## The problem
Return verbatim every line from the first line of the data below to the line that contains "Female doctor smiling", inclusive, and no further.

## The data
........

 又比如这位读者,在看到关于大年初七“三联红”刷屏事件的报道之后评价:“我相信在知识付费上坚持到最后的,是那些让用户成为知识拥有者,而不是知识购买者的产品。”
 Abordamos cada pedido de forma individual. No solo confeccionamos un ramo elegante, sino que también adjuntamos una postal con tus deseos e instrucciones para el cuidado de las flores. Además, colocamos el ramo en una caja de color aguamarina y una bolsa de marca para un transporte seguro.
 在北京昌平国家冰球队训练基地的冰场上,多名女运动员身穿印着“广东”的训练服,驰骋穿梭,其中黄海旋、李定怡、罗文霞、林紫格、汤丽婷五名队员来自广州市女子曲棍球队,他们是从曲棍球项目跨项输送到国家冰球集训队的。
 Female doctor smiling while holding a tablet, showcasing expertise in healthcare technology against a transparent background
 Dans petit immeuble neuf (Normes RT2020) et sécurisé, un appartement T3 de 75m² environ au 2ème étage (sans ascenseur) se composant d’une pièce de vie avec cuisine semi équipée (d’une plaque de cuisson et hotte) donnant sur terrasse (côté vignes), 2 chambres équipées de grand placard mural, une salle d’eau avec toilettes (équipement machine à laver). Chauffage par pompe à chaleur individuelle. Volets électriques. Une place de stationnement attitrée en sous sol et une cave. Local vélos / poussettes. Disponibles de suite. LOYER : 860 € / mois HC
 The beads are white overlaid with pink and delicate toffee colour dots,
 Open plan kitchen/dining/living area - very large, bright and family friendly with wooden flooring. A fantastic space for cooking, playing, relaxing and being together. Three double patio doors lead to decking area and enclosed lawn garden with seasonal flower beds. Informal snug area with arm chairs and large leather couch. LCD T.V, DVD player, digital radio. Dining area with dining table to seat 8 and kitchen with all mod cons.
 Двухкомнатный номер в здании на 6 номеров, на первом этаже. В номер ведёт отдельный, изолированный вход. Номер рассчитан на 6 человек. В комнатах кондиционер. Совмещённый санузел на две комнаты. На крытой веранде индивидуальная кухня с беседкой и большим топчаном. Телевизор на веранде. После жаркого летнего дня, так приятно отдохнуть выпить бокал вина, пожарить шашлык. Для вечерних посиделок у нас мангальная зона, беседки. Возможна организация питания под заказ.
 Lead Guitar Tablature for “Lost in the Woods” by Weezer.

........

## Exercise response
 又比如这位读者,在看到关于大年初七“三联红”刷屏事件的报道之后评价:“我相信在知识付费上坚持到最后的,是那些让用户成为知识拥有者,而不是知识购买者的产品。”
 Abordamos cada pedido de forma individual. No solo confeccionamos un ramo elegante, sino que también adjuntamos una postal con tus deseos e instrucciones para el cuidado de las flores. Además, colocamos el ramo en una caja de color aguamarina y una bolsa de marca para un transporte seguro.
 在北京昌平国家冰球队训练基地的冰场上,多名女运动员身穿印着“广东”的训练服,驰骋穿梭,其中黄海旋、李定怡、罗文霞、林紫格、汤丽婷五名队员来自广州市女子曲棍球队,他们是从曲棍球项目跨项输送到国家冰球集训队的。
 Female doctor smiling while holding a tablet, showcasing expertise in healthcare technology against a transparent background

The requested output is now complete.